Directions
Nothing in the listing should be altered when it is copied, and no picture goes into the copy.

Stored data
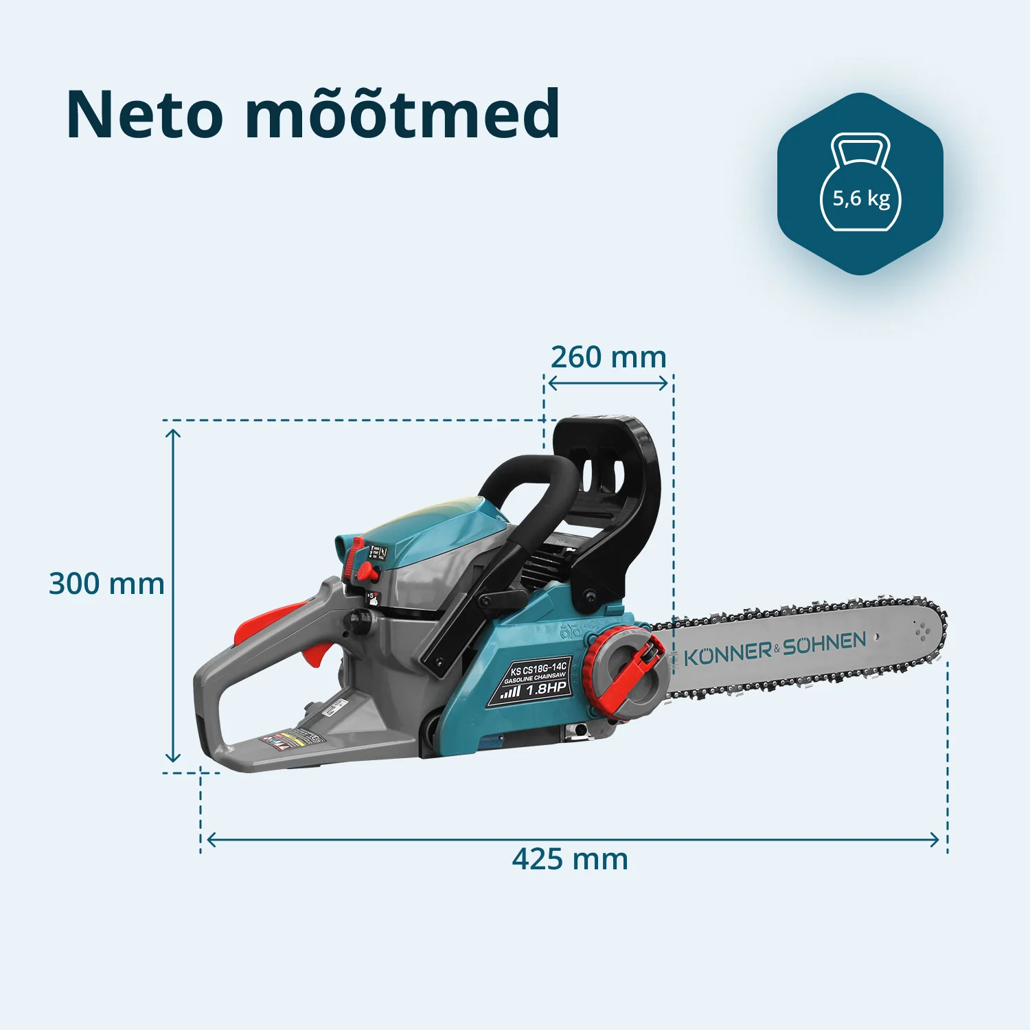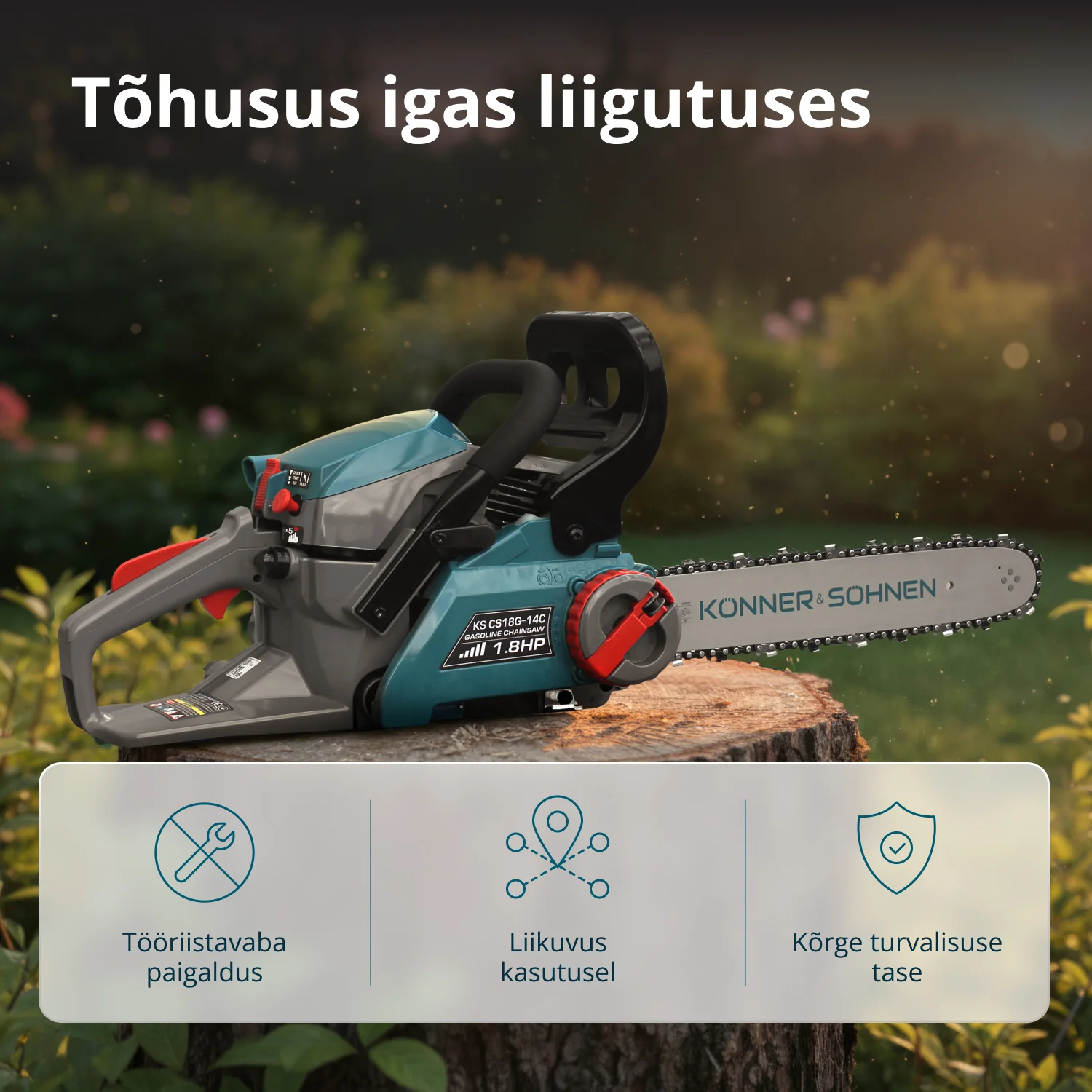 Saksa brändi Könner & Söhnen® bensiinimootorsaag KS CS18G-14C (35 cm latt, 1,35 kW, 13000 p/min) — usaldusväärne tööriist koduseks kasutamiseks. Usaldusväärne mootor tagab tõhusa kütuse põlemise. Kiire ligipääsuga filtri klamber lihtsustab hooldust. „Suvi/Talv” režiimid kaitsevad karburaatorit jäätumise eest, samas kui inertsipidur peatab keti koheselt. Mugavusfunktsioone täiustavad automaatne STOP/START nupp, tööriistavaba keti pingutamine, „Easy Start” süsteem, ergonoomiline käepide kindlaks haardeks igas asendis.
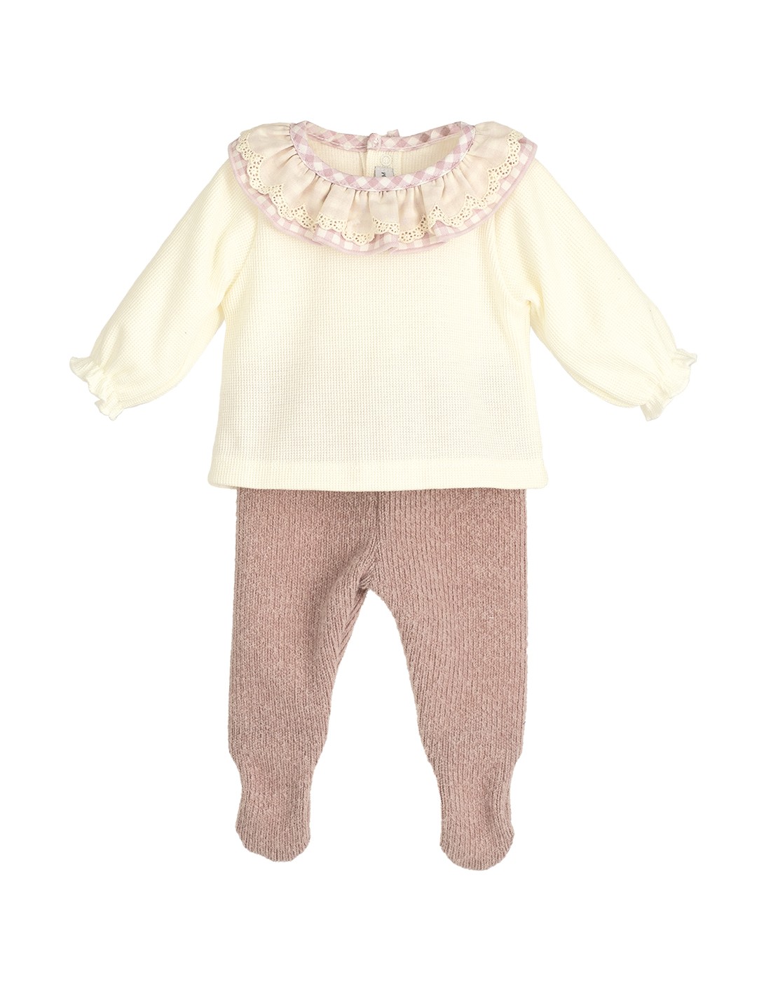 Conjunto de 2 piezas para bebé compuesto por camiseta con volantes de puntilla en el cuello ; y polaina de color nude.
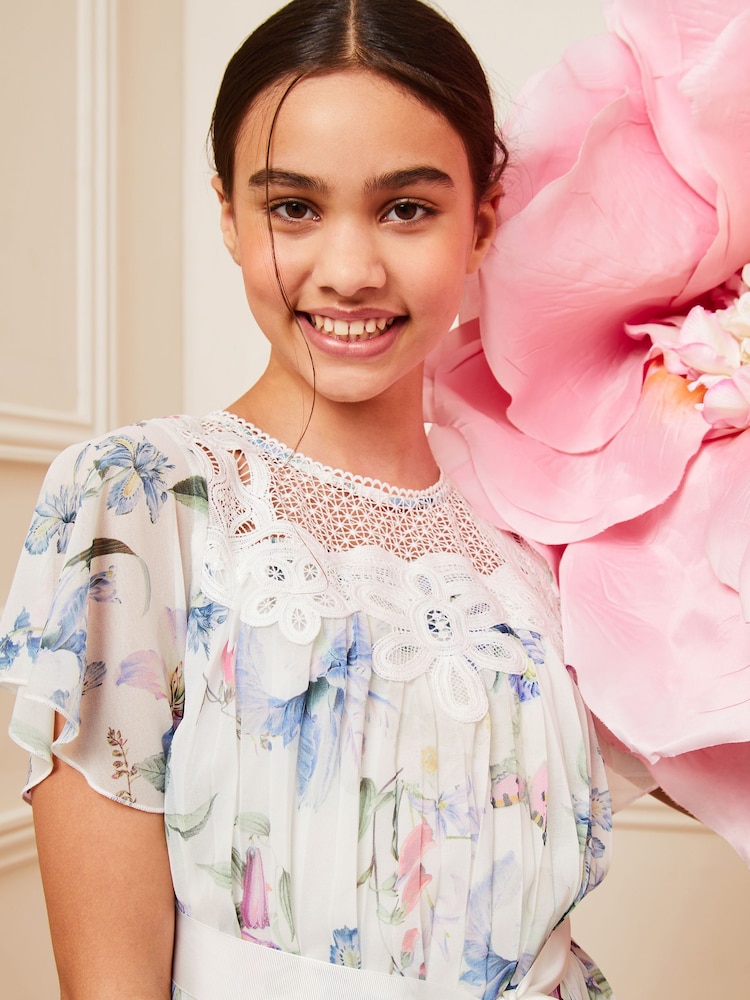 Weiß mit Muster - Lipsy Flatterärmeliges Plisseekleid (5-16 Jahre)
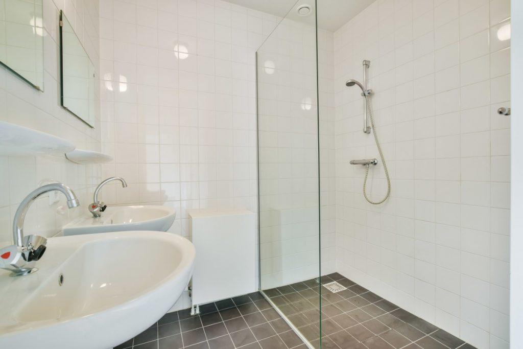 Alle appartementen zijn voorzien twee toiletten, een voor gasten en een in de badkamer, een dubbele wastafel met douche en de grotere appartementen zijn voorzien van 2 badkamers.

Solution to this task
 Saksa brändi Könner & Söhnen® bensiinimootorsaag KS CS18G-14C (35 cm latt, 1,35 kW, 13000 p/min) — usaldusväärne tööriist koduseks kasutamiseks. Usaldusväärne mootor tagab tõhusa kütuse põlemise. Kiire ligipääsuga filtri klamber lihtsustab hooldust. „Suvi/Talv” režiimid kaitsevad karburaatorit jäätumise eest, samas kui inertsipidur peatab keti koheselt. Mugavusfunktsioone täiustavad automaatne STOP/START nupp, tööriistavaba keti pingutamine, „Easy Start” süsteem, ergonoomiline käepide kindlaks haardeks igas asendis.
 Conjunto de 2 piezas para bebé compuesto por camiseta con volantes de puntilla en el cuello ; y polaina de color nude.
 Weiß mit Muster - Lipsy Flatterärmeliges Plisseekleid (5-16 Jahre)
 Alle appartementen zijn voorzien twee toiletten, een voor gasten en een in de badkamer, een dubbele wastafel met douche en de grotere appartementen zijn voorzien van 2 badkamers.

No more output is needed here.